Information supplied START

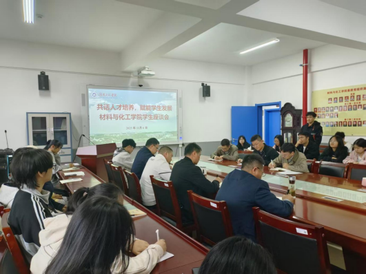 在材化楼 A304 会议室成功召开 “共话人才培养,赋能学生发展” 主题学生座谈会。学院党委书记徐粤宇、院长黄先威、副书记陶连洲、副院长兰东辉、学办主任单艳艳、教务办主任杨辉琼、教研室主任以及 40余名学生代表参会, 会议由兰东辉主持。
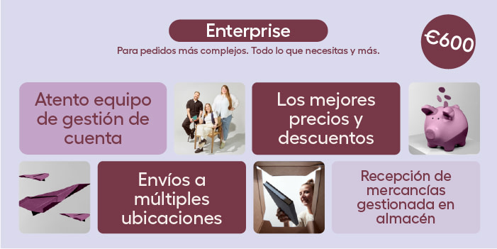 Para grandes empresas con mayor volumen de trabajo, Enterprise ofrece un servicio más completo de asistencia para gestionar pedidos más grandes y complejos.
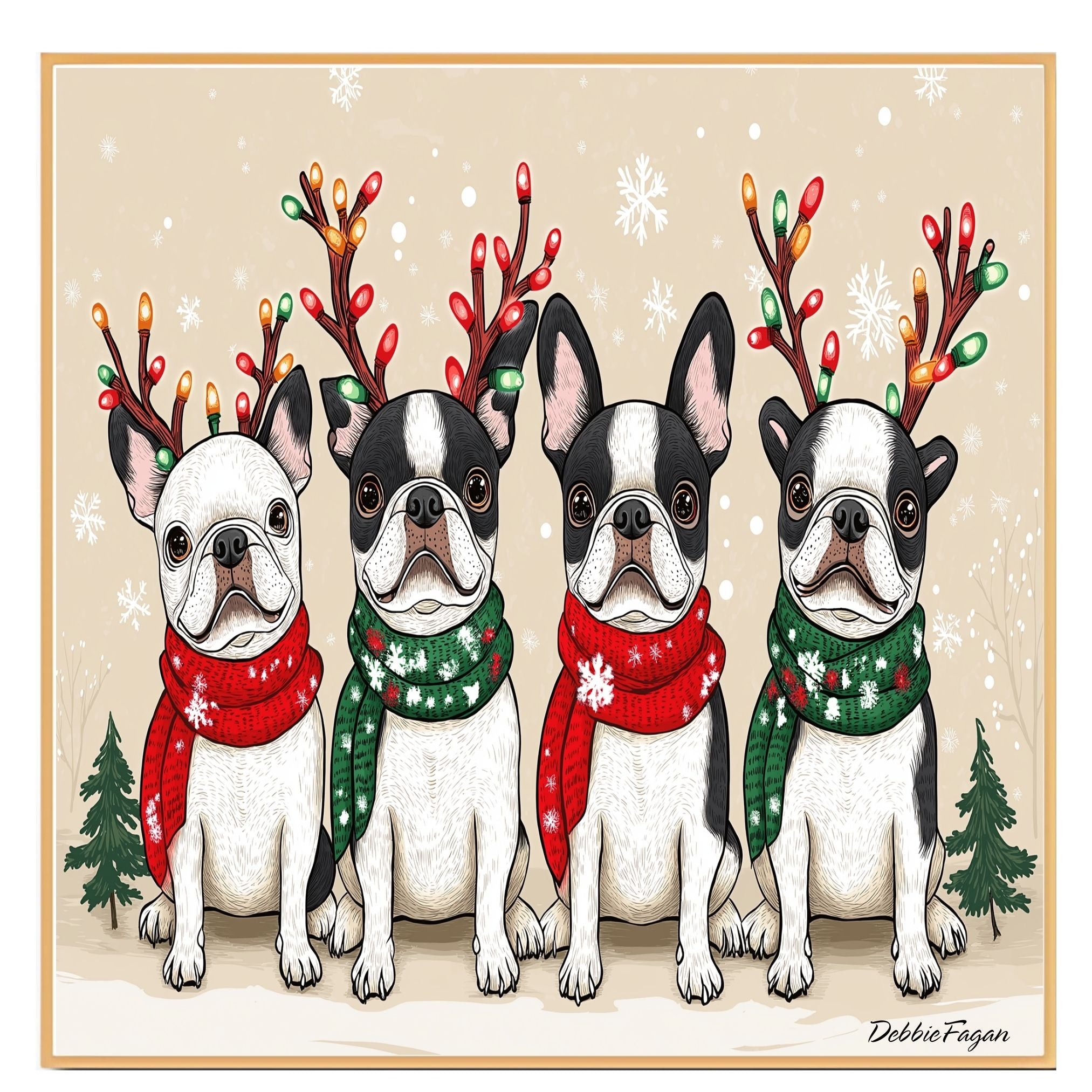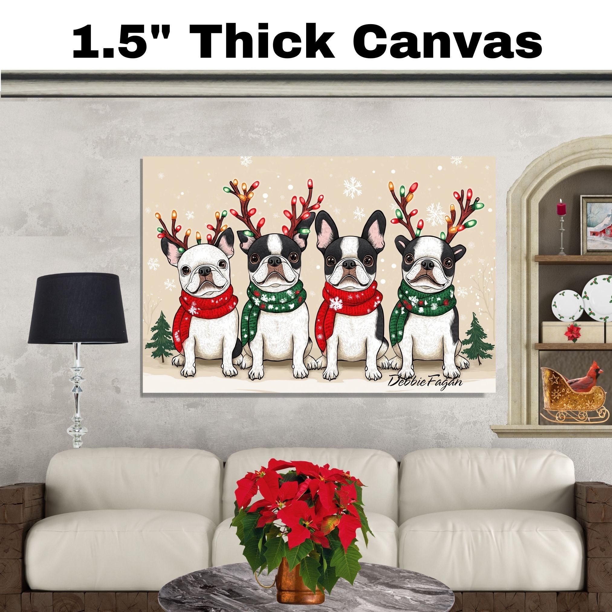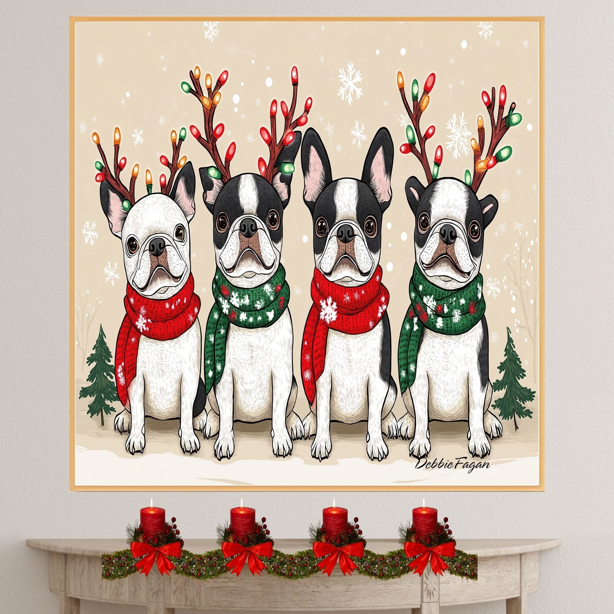 Our Frenchie Frost Canvas adds a touch of festive charm and wintery warmth to your decor, showcasing a group of delightful French Bulldogs wearing vibrant holiday antlers amidst a peaceful snowy scene. This heartwarming artwork, titled Frenchie Frost, is available as a 1.5" thick canvas wrap, floating framed canvas, or flat rolled canvas, making it a versatile piece for any space. Capturing the joyful, playful spirit of the holiday season, this canvas is the perfect seasonal focal point, blending charm and elegance to bring a smile and cozy cheer to your holiday decor.

Information supplied END

Task objective
Take the lines of the material above from the first through the one containing "Para grandes empresas", both included, and print them exactly without the pictures.

Task result
 在材化楼 A304 会议室成功召开 “共话人才培养,赋能学生发展” 主题学生座谈会。学院党委书记徐粤宇、院长黄先威、副书记陶连洲、副院长兰东辉、学办主任单艳艳、教务办主任杨辉琼、教研室主任以及 40余名学生代表参会, 会议由兰东辉主持。
 Para grandes empresas con mayor volumen de trabajo, Enterprise ofrece un servicio más completo de asistencia para gestionar pedidos más grandes y complejos.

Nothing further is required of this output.